● **Material for this exercise**
════════════════

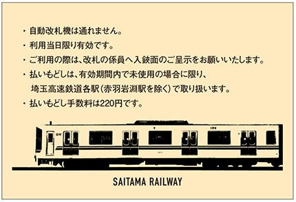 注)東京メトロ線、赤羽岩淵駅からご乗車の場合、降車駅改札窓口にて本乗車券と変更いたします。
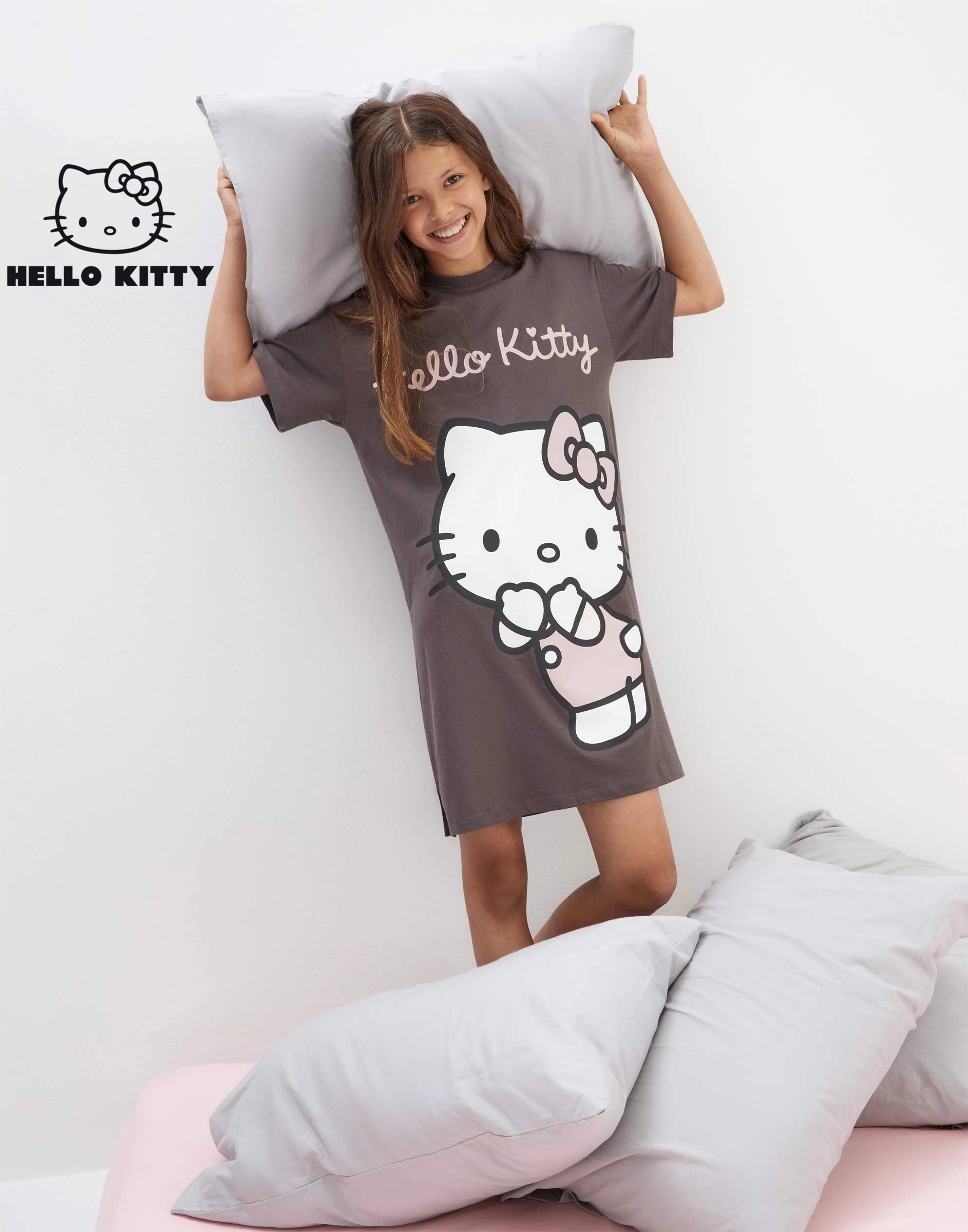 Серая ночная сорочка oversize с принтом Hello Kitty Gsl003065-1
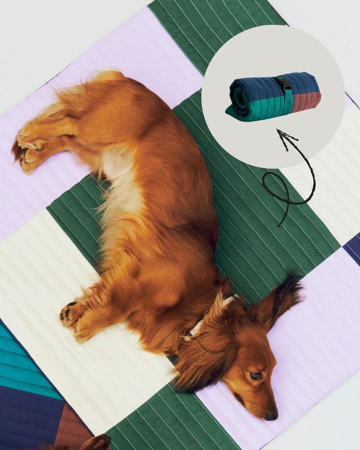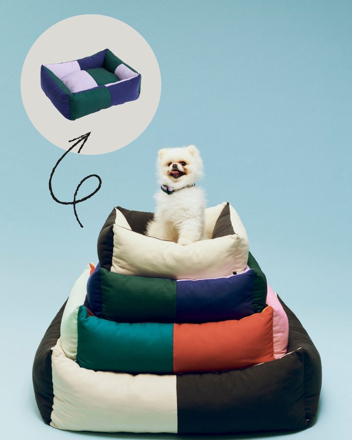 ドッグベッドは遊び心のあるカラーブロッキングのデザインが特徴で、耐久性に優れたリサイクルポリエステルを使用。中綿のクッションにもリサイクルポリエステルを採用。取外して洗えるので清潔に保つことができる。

════════════════

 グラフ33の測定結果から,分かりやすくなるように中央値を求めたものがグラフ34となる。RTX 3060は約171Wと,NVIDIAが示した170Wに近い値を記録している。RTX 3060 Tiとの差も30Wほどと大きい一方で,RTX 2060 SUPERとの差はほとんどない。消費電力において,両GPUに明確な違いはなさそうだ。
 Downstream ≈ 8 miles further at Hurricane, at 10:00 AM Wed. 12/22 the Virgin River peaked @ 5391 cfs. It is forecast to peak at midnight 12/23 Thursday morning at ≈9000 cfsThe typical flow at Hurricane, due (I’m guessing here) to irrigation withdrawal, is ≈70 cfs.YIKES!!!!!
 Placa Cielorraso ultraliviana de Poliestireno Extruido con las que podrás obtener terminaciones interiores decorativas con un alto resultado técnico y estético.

════════════════

● **Task prompt**
Go to the line above holding "注)東京メトロ線、赤羽岩淵駅", then copy exactly each line down to and including the one holding "ドッグベッドは遊び心のあるカ", leaving pictures out.

● **Your solution**
 注)東京メトロ線、赤羽岩淵駅からご乗車の場合、降車駅改札窓口にて本乗車券と変更いたします。
 Серая ночная сорочка oversize с принтом Hello Kitty Gsl003065-1
 ドッグベッドは遊び心のあるカラーブロッキングのデザインが特徴で、耐久性に優れたリサイクルポリエステルを使用。中綿のクッションにもリサイクルポリエステルを採用。取外して洗えるので清潔に保つことができる。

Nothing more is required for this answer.